About this task: Copy out every line of the data exactly; do not include the images.

Supplied material:
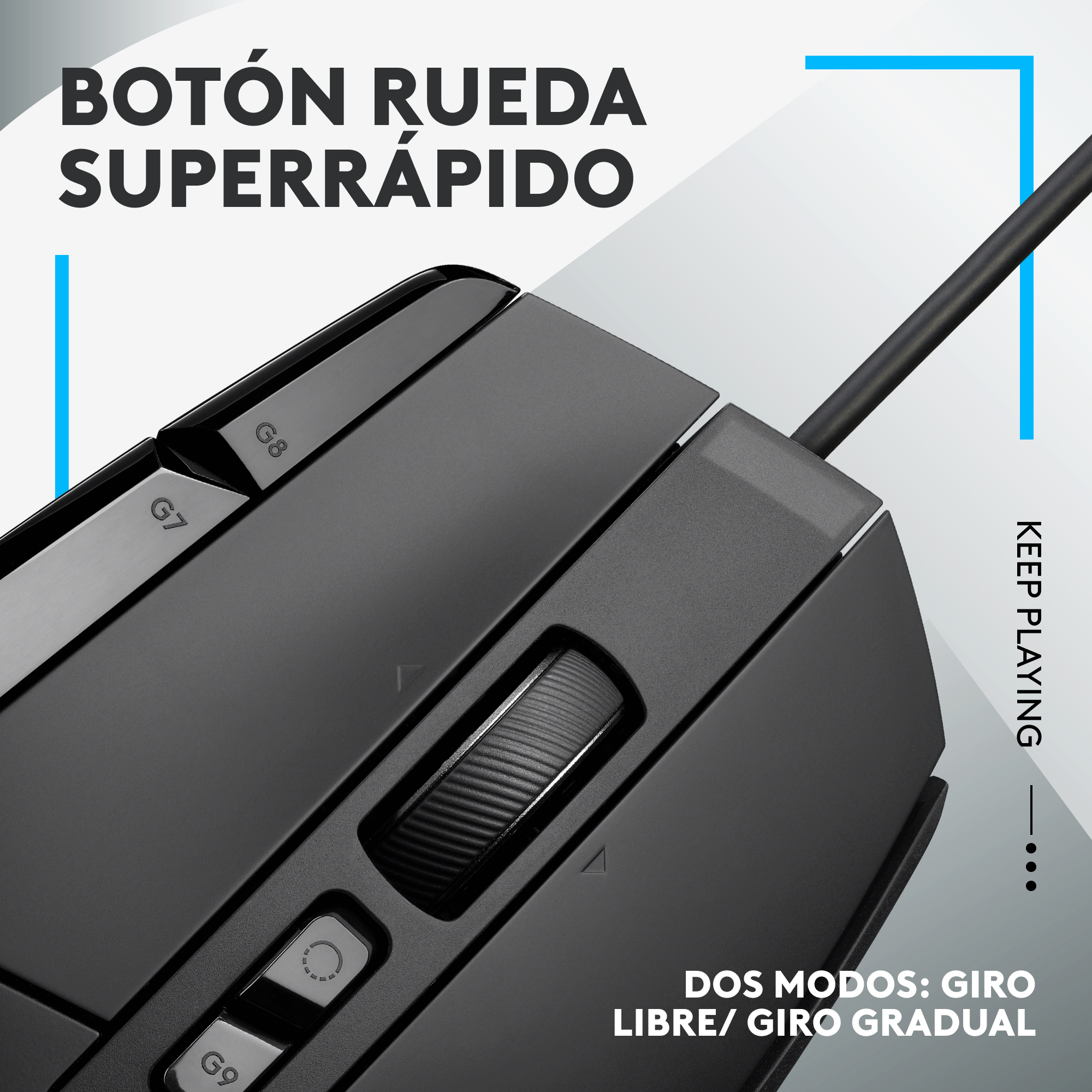 • Rueda de desplazamiento de doble modo: pasa de un giro libre rápido a uno preciso línea por línea, y se inclina hacia la izquierda y la derecha para obtener dos controles adicionales personalizables»
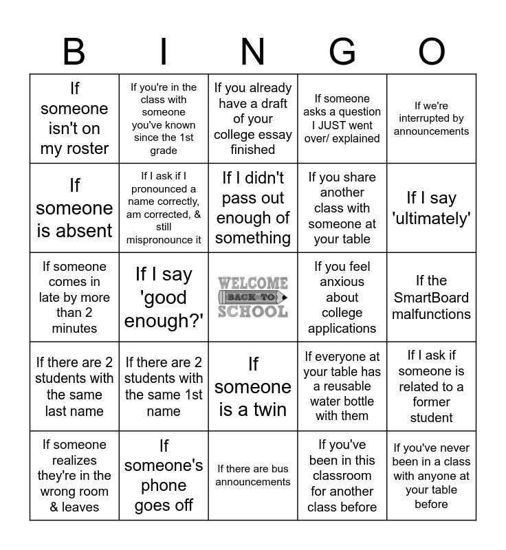 This bingo card has a free space and 24 words: If there are 2 students with the same 1st name, If someone's phone goes off, If I didn't pass out enough of something, If someone realizes they're in the wrong room & leaves, If we're interrupted by announcements, If someone isn't on my roster, If someone is absent, If you're in the class with someone you've known since the 1st grade, If you feel anxious about college applications, If someone is a twin, If you share another class with someone at your table, If someone comes in late by more than 2 minutes, If everyone at your table has a reusable water bottle with them, If I ask if someone is related to a former student, If I ask if I pronounced a name correctly, am corrected, & still mispronounce it, If you've been in this classroom for another class before, If the SmartBoard malfunctions, If you already have a draft of your college essay finished, If I say 'ultimately', If I say 'good enough?', If you've never been in a class with anyone at your table before, If there are 2 students with the same last name, If someone asks a question I JUST went over/ explained and If there are bus announcements.
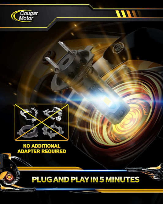 Cougar Motor 9007 Bulbs, HB5 Fog Lights 6500K White Non-Polarity 9007 Fog Bulb or Off-Road Use Plug and Play - Pack of 2

Output for this exercise:
 • Rueda de desplazamiento de doble modo: pasa de un giro libre rápido a uno preciso línea por línea, y se inclina hacia la izquierda y la derecha para obtener dos controles adicionales personalizables»
 This bingo card has a free space and 24 words: If there are 2 students with the same 1st name, If someone's phone goes off, If I didn't pass out enough of something, If someone realizes they're in the wrong room & leaves, If we're interrupted by announcements, If someone isn't on my roster, If someone is absent, If you're in the class with someone you've known since the 1st grade, If you feel anxious about college applications, If someone is a twin, If you share another class with someone at your table, If someone comes in late by more than 2 minutes, If everyone at your table has a reusable water bottle with them, If I ask if someone is related to a former student, If I ask if I pronounced a name correctly, am corrected, & still mispronounce it, If you've been in this classroom for another class before, If the SmartBoard malfunctions, If you already have a draft of your college essay finished, If I say 'ultimately', If I say 'good enough?', If you've never been in a class with anyone at your table before, If there are 2 students with the same last name, If someone asks a question I JUST went over/ explained and If there are bus announcements.
 Cougar Motor 9007 Bulbs, HB5 Fog Lights 6500K White Non-Polarity 9007 Fog Bulb or Off-Road Use Plug and Play - Pack of 2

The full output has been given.